EXERCISE DETAILS:
Line by line, transcribe the data below exactly and pass over the images.

┄┄┄┄┄┄

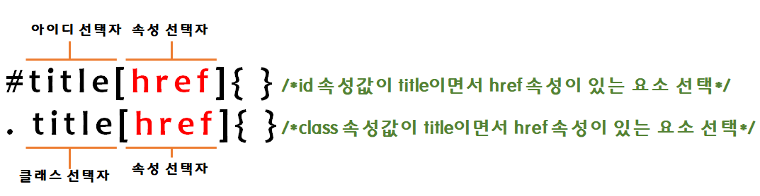 [id="title]{} /* 기본 속성 선택자 방법으로 id 속성값이 title인 요소 선택 */
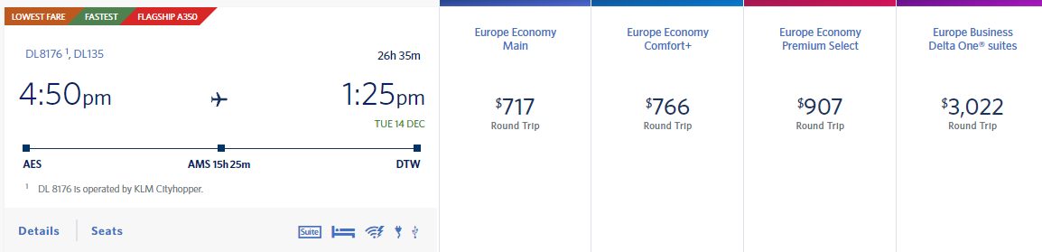 I've never seen delta.com price out an overnight connection of this length westbound. Normally it'll just fail to return a result.
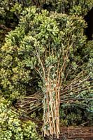 Gedroogde bundel van het kruid: wilde Marjolein oftewel oregano, op een voedselmarkt in Italië. Een mooie foto voor in de keuken.
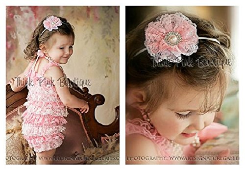 ロンパース&ヴィンテージヘッドドレス☆コーラルピンク newborn-4T(50-110)【2点セット】
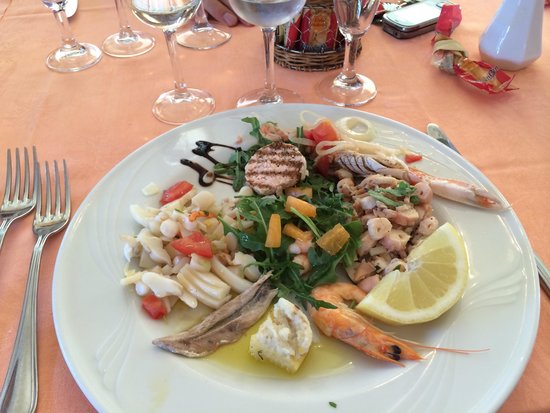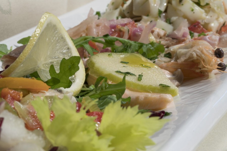 • Antipasti: insalatina di polipo con patate e olive taggiasche + sardoncini marinati + carpaccio di pesce spada al pepe rosa + julienne di seppia ai mille colori + insalata di gamberetti melanzana fritta e ricotta salata
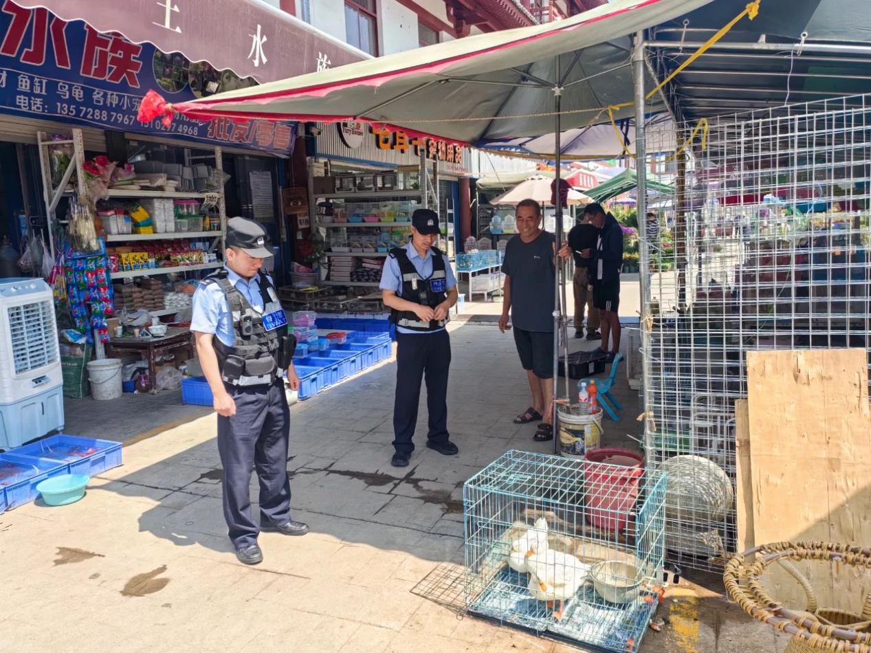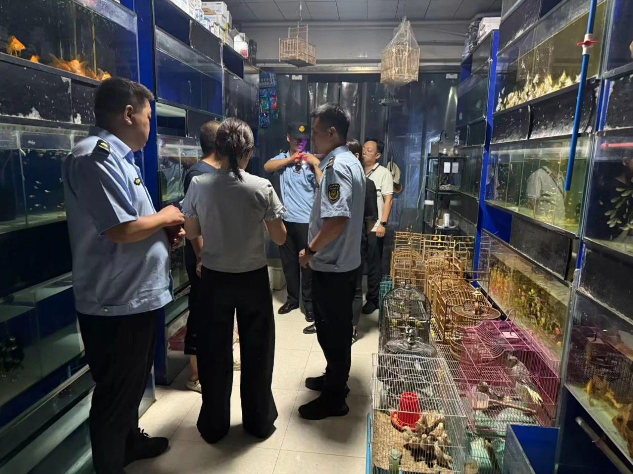 阳光讯(记者 熊玺 文/图)为切实加强野生动植物保护,同时维护辖区市场合法合规的营商环境,近日,公安新城分局联合长乐中路派出所,全面开展花鸟鱼虫市场安全检查,以切实有力的行动和行之有效的举措,为自然生态建起公安“守护墙”。

┄┄┄┄┄┄

RESPONSE AREA:
 [id="title]{} /* 기본 속성 선택자 방법으로 id 속성값이 title인 요소 선택 */
 I've never seen delta.com price out an overnight connection of this length westbound. Normally it'll just fail to return a result.
 Gedroogde bundel van het kruid: wilde Marjolein oftewel oregano, op een voedselmarkt in Italië. Een mooie foto voor in de keuken.
 ロンパース&ヴィンテージヘッドドレス☆コーラルピンク newborn-4T(50-110)【2点セット】
 • Antipasti: insalatina di polipo con patate e olive taggiasche + sardoncini marinati + carpaccio di pesce spada al pepe rosa + julienne di seppia ai mille colori + insalata di gamberetti melanzana fritta e ricotta salata
 阳光讯(记者 熊玺 文/图)为切实加强野生动植物保护,同时维护辖区市场合法合规的营商环境,近日,公安新城分局联合长乐中路派出所,全面开展花鸟鱼虫市场安全检查,以切实有力的行动和行之有效的举措,为自然生态建起公安“守护墙”。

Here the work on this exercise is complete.